Dijkstra, connu pour son caractère difficile et son intransigeance, était réputé pour ses aphorismes, lesquels résumaient sa vision de la science informatique.
« Tester un programme peut démontrer la présence de bugs, jamais leur absence. »
« Se demander si un ordinateur peut penser est aussi intéressant que de se demander si un sous-marin peut nager. »
« La programmation par objets est une idée exceptionnellement mauvaise qui ne pouvait naître qu’en Californie. »
« Les progrès ne seront possibles que si nous pouvons réfléchir sur les programmes sans les imaginer comme des morceaux de code exécutable. »
« Autrefois les physiciens répétaient les expériences de leurs collègues pour se rassurer. Aujourd’hui ils adhèrent à FORTRAN et s’échangent leurs programmes, bugs inclus. »
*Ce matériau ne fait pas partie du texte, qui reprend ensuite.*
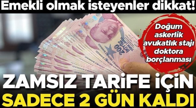 Emekli olmak isteyen ancak prim gün sayısı yetersiz olanların başvurduğu askerlik, doğum, avukatlık stajı ve doktora veya tıpta geçen uzmanlık süresi borçlanmasında zamsız tarifeden yararlanmak için sadece 2 gün kaldı. 2 gün içinde borçlanma işlemleri yapılmazsa yüzde 49,11 oranında zamlı olarak yapılacak.BORÇLANMA İŞLEMLERİ NASIL YAPILIYOR?Borçlanma işlemleri ister Sosyal Güvenlik Kurumu'na gidilerek istenirse de e-Devlet üzerinden gerçekleştirilebiliyor.Gözden KaçmasınAltından sene sonu rallisi! Yeniden rekor kırdıHaberi GörüntüleDOĞUM BORÇLANMASI TAVANI 2160 GÜNDoğum borçlanmasında her bir çocuk için 720 gün borçlanılabiliyor. Başka bir deyişle her çocuk için 2 yıllık süre borçlanılıyor. 3 çocukla sınırlandırılan borçlanma böylece 6 yıl ve 2160 güne çıkıyor.BORÇLANMA ÜCRETLERİ NE KADAR?Doğum, askerlik, avukatlık stajı, doktora veya tıpta geçen uzmanlık borçlanması için 2023 yılı tarifesi günlük en düşük 143 lira, günlük en yüksek 1073 liraydı. 2024 yılı için günlük en düşük 213,2 lira, günlük en yüksek ise 1600 lira oldu.
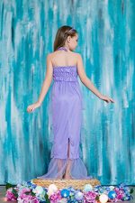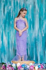 Just look at this little lady! She’s so cute in her Mermaid’s outfit. This light-lillac sundress is so nice that you can’t shift glance from your little girl. A frilly top fits perfectly, but doesn’t squeeze the body. The skirt of the dress looks and feels airy due to layered gauzy flounces. But the dress wouldn’t be perfect if it weren’t so convenient to put on. You just need to tie it at neck – and that’s all. And of course, Little Mermaid’s look wouldn’t be complete without the nice head ornament of matching colour. A tiny tiara is included in the set. You just have to find a nice pair of shoes and maybe add some accessories. Your little daughter will feel comfortable while playing or dancing, because the outfit is made of a very soft and smooth fabric. For proper care wash the gown by hand in cold water and iron at low temperature.
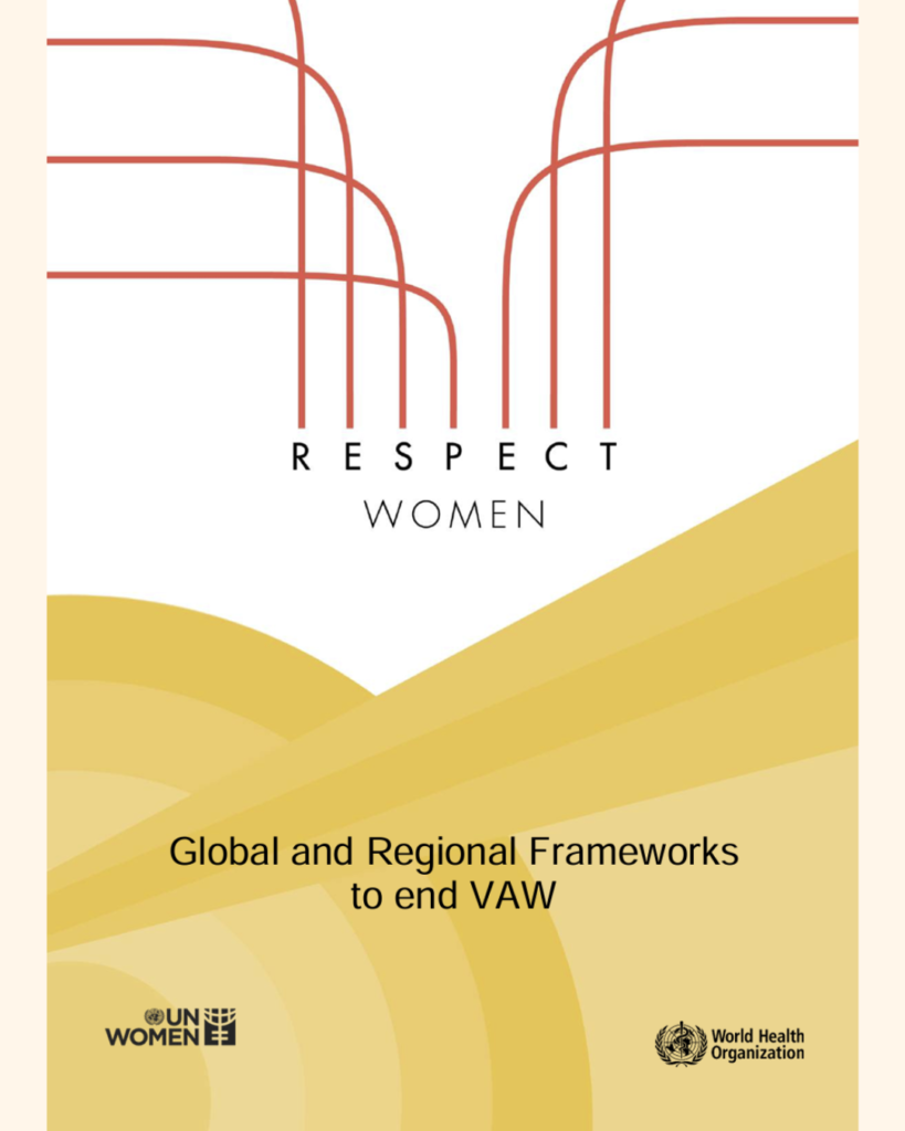 Opierając się na zasadach szacunku i równości oraz wnioskach wyciągniętych z wyników badań naukowych dotyczących skutecznych metod zapobiegania przemocy i jej nawrotom, WHO i UN Women, we współpracy z dziesięcioma innymi agencjami ONZ, opracowały dokument „RESPECT Women: Zapobieganie przemocy wobec kobiet”. Publikacja stanowi kompleksowe ramy dla osób odpowiedzialnych za tworzenie i wdrażanie polityk publicznych na temat tego, w jakich sposób projektować, planować, wdrażać, monitorować i oceniać interwencje i programy dotyczących zapobiegania przemocy wobec kobiet i reagowania na nią.
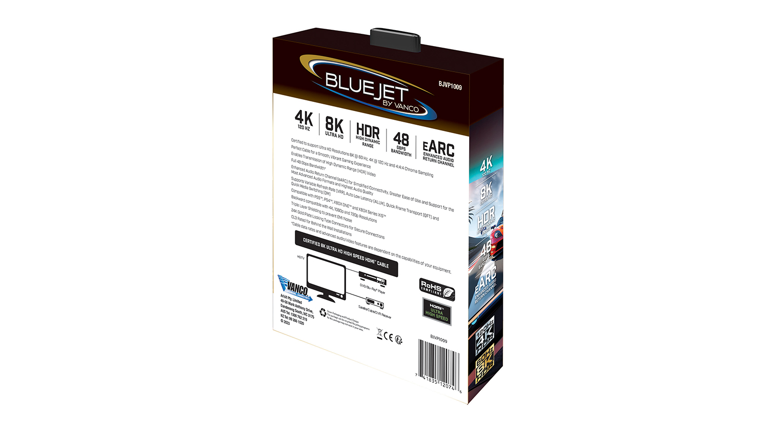 Vanco Bluejet HDMI eARC Cable - 3.04m (BJVP1009) 48 Gbps Supports HDR 4K@120Hz & 8K@60Hz
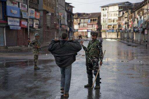 An Indian Paramilitary soldier orders a Kashmiri to lift his robe before frisking him during curfew in Srinagar, Indian controlled Kashmir, Thursday, Aug. 8, 2019. The lives of millions in India's only Muslim-majority region have been upended since the latest, and most serious, crackdown followed a decision by New Delhi to revoke the special status of Jammu and Kashmir and downgrade the Himalayan region from statehood to a territory. Kashmir is claimed in full by both India and Pakistan, and rebels have been fighting Indian rule in the portion it administers for decades. (AP Photo/Dar Yasin) The Associated Press
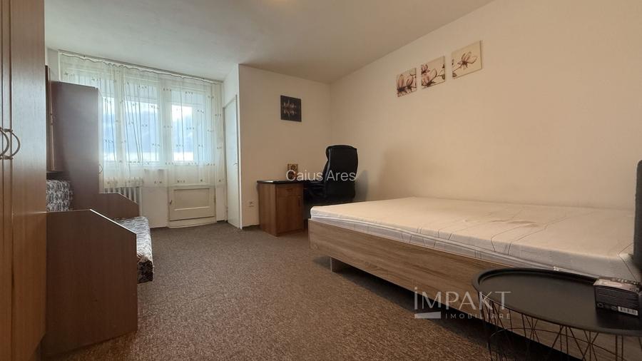 Garsoniera este situata la etaj intermediar 6/10, dispune de orientare vestica si implicit de soare pe tot parcursul zilei. Suprafata utila este de 27m2 fiind compusa din 1 camera, hol, bucatarie, baie, camara, balcon inchis cu geamuri termopan. Dispune de finisaje medii, gresie si faianta, usa metalica la intrare, mocheta si se preda complet mobilata si utilata conform fotografiilor de prezentare (masina de spalat rufe, frigider, aragaz, cuptor cu microunde, etc.). Imobilul din care face parte dispune de o casa a scarii extrem de ingrijita si generoasa, 2 lifturi, intrare pe baza de interfon cu cartela.

« À propos des langages : il est impossible de tailler un crayon avec une hache émoussée. Il est vain d’essayer, à la place, de le faire avec dix haches émoussées. »
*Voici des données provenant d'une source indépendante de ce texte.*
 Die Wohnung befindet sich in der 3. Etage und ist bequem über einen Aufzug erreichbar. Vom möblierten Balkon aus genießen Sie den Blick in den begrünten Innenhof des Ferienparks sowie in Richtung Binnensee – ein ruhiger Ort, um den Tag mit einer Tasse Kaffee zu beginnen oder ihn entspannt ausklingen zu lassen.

« Il est pratiquement impossible d’enseigner la bonne programmation aux étudiants qui ont eu une exposition antérieure au BASIC : comme programmeurs potentiels, ils sont mentalement mutilés, au-delà de tout espoir de régénération. »
« Le plus court chemin d’un graphe n’est jamais celui que l’on croit, il peut surgir de nulle part, et la plupart du temps, il n’existe pas. »
L’aphorisme « L’informatique n’est pas plus la science des ordinateurs que l’astronomie n’est celle des télescopes. » souvent attribué à Dijkstra, est en fait une phrase de Michael R. Fellows et Ian Parberry dans un article du journal « Computing Research News »
L’instruction GOTO
Constatant les dégâts provoqués par l’usage incontrôlé de l’instruction goto en programmation, il rédige en 1968 pour les Communications of the ACM un article qu’il nomme A Case against the GOTO Statement (Un Procès contre l’instruction GOTO). Voulant publier rapidement l’article sous la forme d’une lettre à l’éditeur, l’éditeur Niklaus Wirth le rebaptise « Go To Statement Considered Harmful » (« L’Instruction Go To considérée comme nuisible »).
Ce nouveau titre, tout autant que le propos de l’article, devient alors célèbre dans le milieu de l’informatique. Les titres de la forme X considered harmful se multiplient, jusqu’à un « Dijkstra considered harmful ».
L’instruction goto est rapidement marginalisée, et presque éliminée, par la programmation structurée (concept de Wirth et Dijkstra, présenté entre autres dans EWD). En programmation structurée, le goto est remplacé par des instructions comme if … then … else …, while … do, repeat … until qui furent introduites par Wirth dans Algol W : chaque instruction contient une seule entrée et une seule sortie, ce qui rend enfin possible des tests systématiques exhaustifs impossibles avec le « code spaghetti ».
Des conditions peuvent aussi être imposées à l’entrée unique et des caractéristiques postulées à la sortie unique, ce qui ouvre la porte à des outils ajoutés à la syntaxe, comme assert (voir Logique de Hoare) et plus tard à la programmation par contrat du langage Eiffel.